Film miał swoją światową premierę  15 czerwca 2019 roku, w polskich kinach pojawił się  9 sierpnia 2019 roku

Zobacz też: mediakrytyk.pl

Nasze poprzednie recenzje alfabetycznie

 

Zapewne nie tylko ja drżałam z niepewności, kiedy wielkimi krokami zbliżała się najnowsza część przygód niepokornych zabawek. Niby lepsze jest wrogiem dobrego, ale nie w Hollywood, gdzie wszystko jest dobre, o ile zarabia pieniądze; jak na przykład kontynuacje wielkich filmowych hitów. Jakościowo z nimi jest różnie. Nawet, jeżeli druga część okaże się sukcesem, to trójka zazwyczaj już nie nadąża i mamy sytuację rodem z „Ojca Chrzestnego”, gdzie ostatnia część może nie jest aż taka zła, ale wyraźnie odstaje od dwóch pierwszych i ostatecznie psuje cały efekt.

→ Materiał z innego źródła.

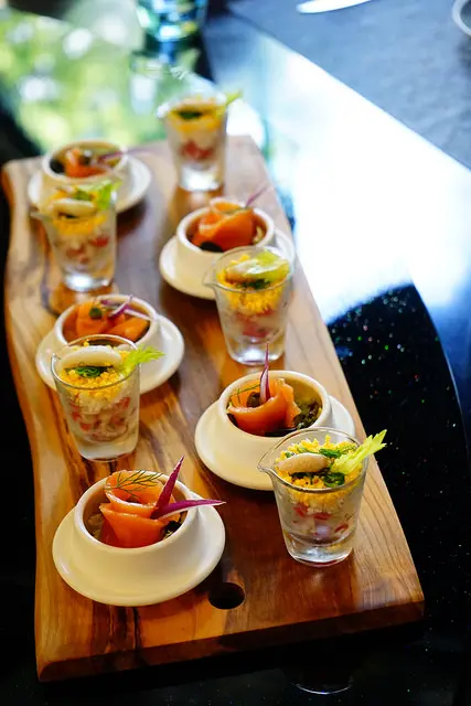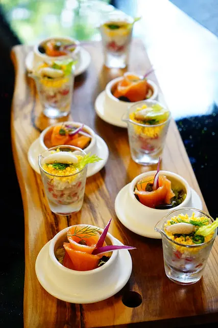 自製燻鮭魚搭香蔥鮪魚蟹肉塔

Tymczasem trylogia „Toy Story” była bezsprzecznie doskonała; przemyślana i konsekwentna, a pod koniec ostatniej części mało kto mógł pohamować łzy wzruszenia. Po co to rozwalać? Okazuje się, że twórcy mieli dobry powód i pomysł na kolejny rozdział tej historii z idealnym dla niej epilogiem.

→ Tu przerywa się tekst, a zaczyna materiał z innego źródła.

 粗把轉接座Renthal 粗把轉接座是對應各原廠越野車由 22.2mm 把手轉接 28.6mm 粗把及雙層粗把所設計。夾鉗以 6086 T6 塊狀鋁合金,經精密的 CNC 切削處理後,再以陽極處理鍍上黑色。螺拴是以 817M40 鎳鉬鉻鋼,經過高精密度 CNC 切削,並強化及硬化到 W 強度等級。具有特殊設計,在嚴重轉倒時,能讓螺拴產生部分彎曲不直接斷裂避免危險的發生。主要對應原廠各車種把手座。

Bonnie, która przejęła zabawki Andy’ego idzie do zerówki i tam z odpadków tworzy kompletnie nową zabawkę: Sztućka. Sztuciek był pierwotnie jednorazowym łyżkowidelcem i w związku z tym przeżywa kryzys tożsamości, jako że uważa, iż jego przeznaczeniem jest kosz na śmieci. Chudy i spółka muszą go więc przekonać, że nie ma na świecie nic lepszego niż bycie zabawką, która przynosi radość dziecku.

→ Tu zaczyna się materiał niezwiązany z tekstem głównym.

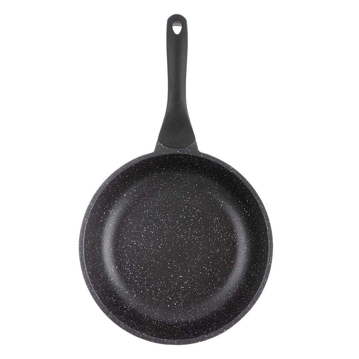 Korpus této odlévané pánve je tvořen slitinou hliníku, která zajistí tvarovou stabilitu pánve, a je potažen kvalitním antiadhezním povrchem PFLUON GRANIT. Rukojeť je izolovaná, příjemně se drží a usnadňuje manipulaci, prohazování jídla. Tuto středně velkou pánev ocení běžné domácnosti, když chcete připravit steaky, filety, masové směsi, restovat zeleninu, připravovat bramboráky, palačinky apod.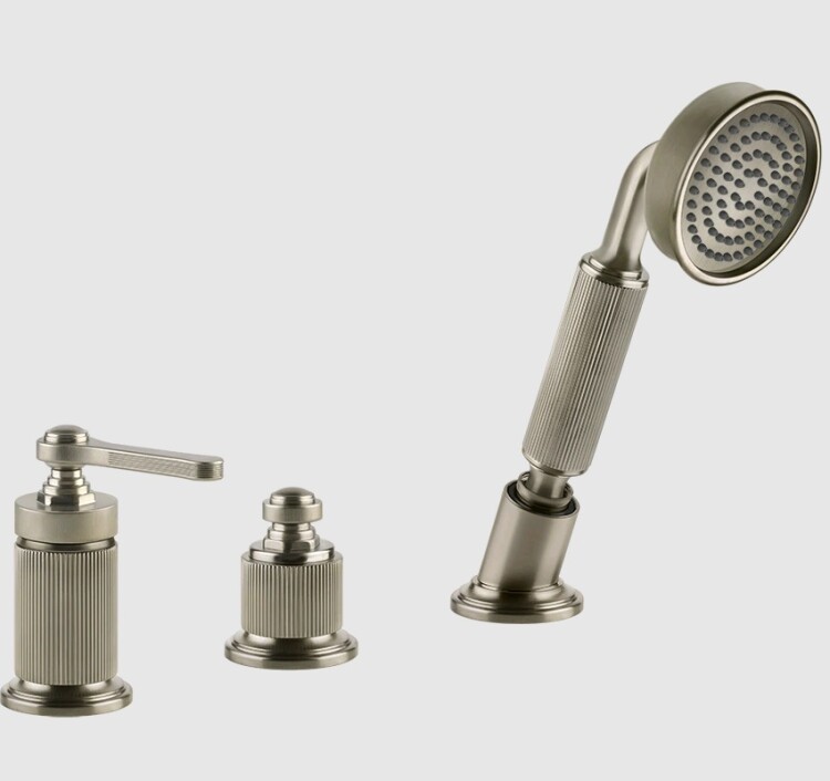 Смеситель для душа, Gessi, VENTI20, на 2 потребителя, тип открывания воды-однорычажный, тип регулирования воды-керамический картридж, монтаж-на борт ванны, отверстия для монтажа-3, в комплекте-переключатель, ручной душ вытяжной, одноструйный, размер ручного душа, мм-78, металлический шланг, мм-1500, гибкие подающие шланги, цвет-Finox Brushed Nickel Смеситель для душа, Gessi, VENTI20, на 2 потребителя, цвет-Finox Brushed Nickel

Film trzyma poziom. To nadal mądra i zabawna bajka. Animacja jest doskonała, momentami zapominałam, że oglądam wytwór komputera. Postacie są bardziej złożone i ludzkie niż niejeden fabularny bohater. Okazuje się, że nawet zabawka może mieć wiele różnych możliwości i marzeń oraz decydować o własnym losie. Jest bardzo dużo akcji i wielu nowych bohaterów, których z miejsca da się lubić. Podoba mi się, że każdy ma ważne miejsce w tej historii i nie służy jedynie jako wyzwalacz kolejnych gagów. Humor bardzo zręcznie przeplata się ze wzruszeniami, tak aby każdy wyszedł z kina usatysfakcjonowany. I choć to naprawdę bardzo dobre zakończenie serii, to będę tęsknić.